Single by Dead Kennedys

from the EP In God We Trust, Inc.
- B-side: "Moral Majority"
- Released: November 1981
- Recorded: 1981
- Studio: Möbius Music (San Francisco)
- Genre: Hardcore punk
- Length: 1:03
- Label: Alternative Tentacles
- Songwriter: Jello Biafra
- Producer: Oliver DiCicco

Dead Kennedys singles chronology
| "Too Drunk to Fuck" (1981) | "Nazi Punks Fuck Off" (1981) | "Bleed for Me" (1982) |

= Nazi Punks Fuck Off =

1981 single by Dead Kennedys

"Nazi Punks Fuck Off" is a song by American punk rock band Dead Kennedys. It was released in November 1981 through Alternative Tentacles as a 7-inch single with "Moral Majority" as the B-side. Both are from the In God We Trust, Inc. EP, although the EP version is a different recording from the single version. The single included a free armband with a crossed-out swastika. The design was later adopted as a symbol for the anti-racist punk movement Anti-Racist Action.

==Composition==
While some have claimed the song was written as a reaction to far-right punk subcultures such as Nazi punk or the white power skinhead movement, Jello Biafra has stated the initial premise of the song was about violence at punk shows, summarizing it as, "You violent people at shows are acting like a bunch of Nazis". The lyrics condemn the infighting among punks for weakening the prospect of rebelling against far-right agitators, and that "in a real Fourth Reich, [they'd] be the first to go."

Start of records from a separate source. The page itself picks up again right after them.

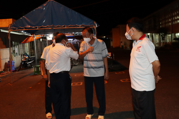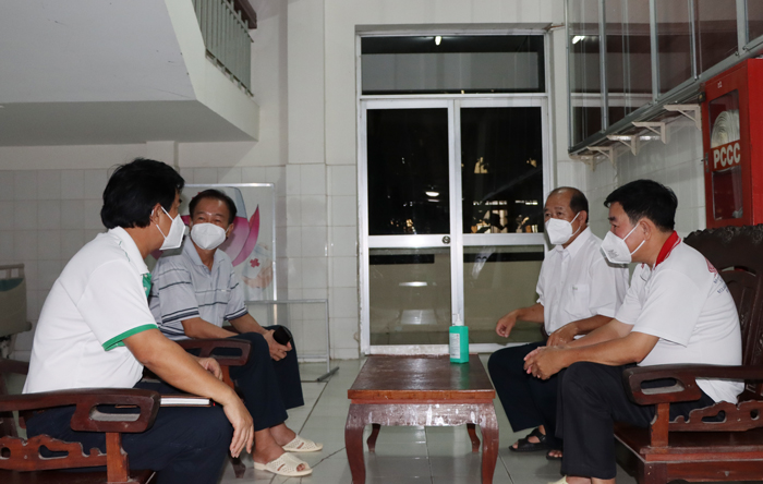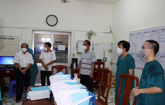 Ông Đoàn Tấn Bửu đến thăm các bác sĩ, điều dưỡng trực tại phòng hành chính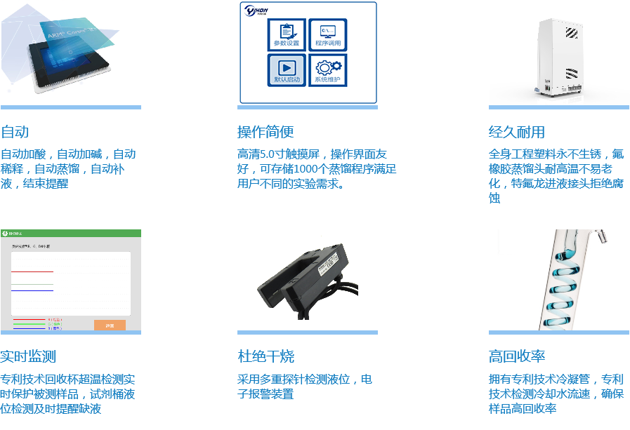 自動化程度 參數設定后,儀器自動完成樣品加酸、稀釋、加堿、蒸餾、吸收及管路淋洗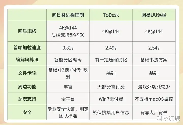 虽然三者均支持4K分辨率和144帧率,且向日葵未来还将支持8K60帧,但在首帧加载速度上差距明显。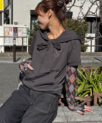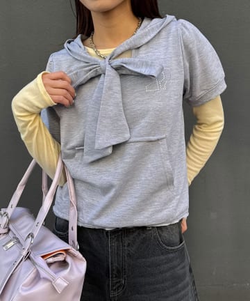【neutral】リボンスリーブレースレイヤードTシャツワンピ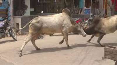 दो आवारा सांडों की बाजार में लड़ाई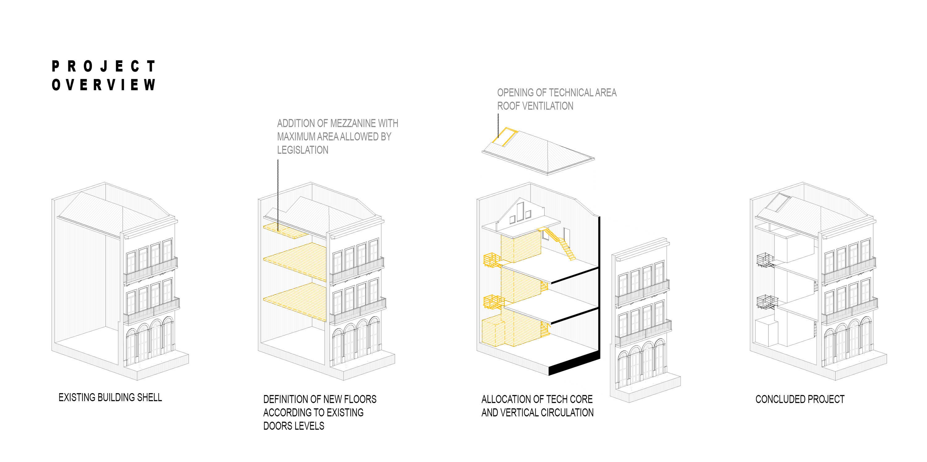 In this case an Integrated Project strategy was adopted, which intended for the joint development of the architectural and structural designs. The definition of the structural concept took in consideration the poor quality of the soil and the excellent stability of the external masonry walls, leading to a structural solution that placed all new loads on those walls, without any new foundations.

In the opening of the In God We Trust, Inc. version of "Nazi Punks Fuck Off", lead singer Jello Biafra mentions English producer Martin Hannett, who had worked with Joy Division and Buzzcocks, accusing him, tongue-in-cheek, of having "overproduced" the recording. Hannett, in fact, did not work with the Dead Kennedys.

==Personnel==
- Jello Biafra – lead vocals
- East Bay Ray – guitar
- Klaus Flouride – bass, backing vocals
- D. H. Peligro – drums

==Charts==

| Chart (1982) | Peak position |
|---|---|
| UK Indie Chart | 11 |

==Cover versions==
- The English grindcore band Napalm Death recorded a cover for their 1993 EP of the same name.
- The fictional band The Ain't Rights performed a cover of the song in a modern-day white supremacist club in the 2015 horror film Green Room.
- Original lyricist Biafra rewrote the song as "Nazi Trumps Fuck Off" in 2017; he performed it live with the crossover thrash group Dead Cross.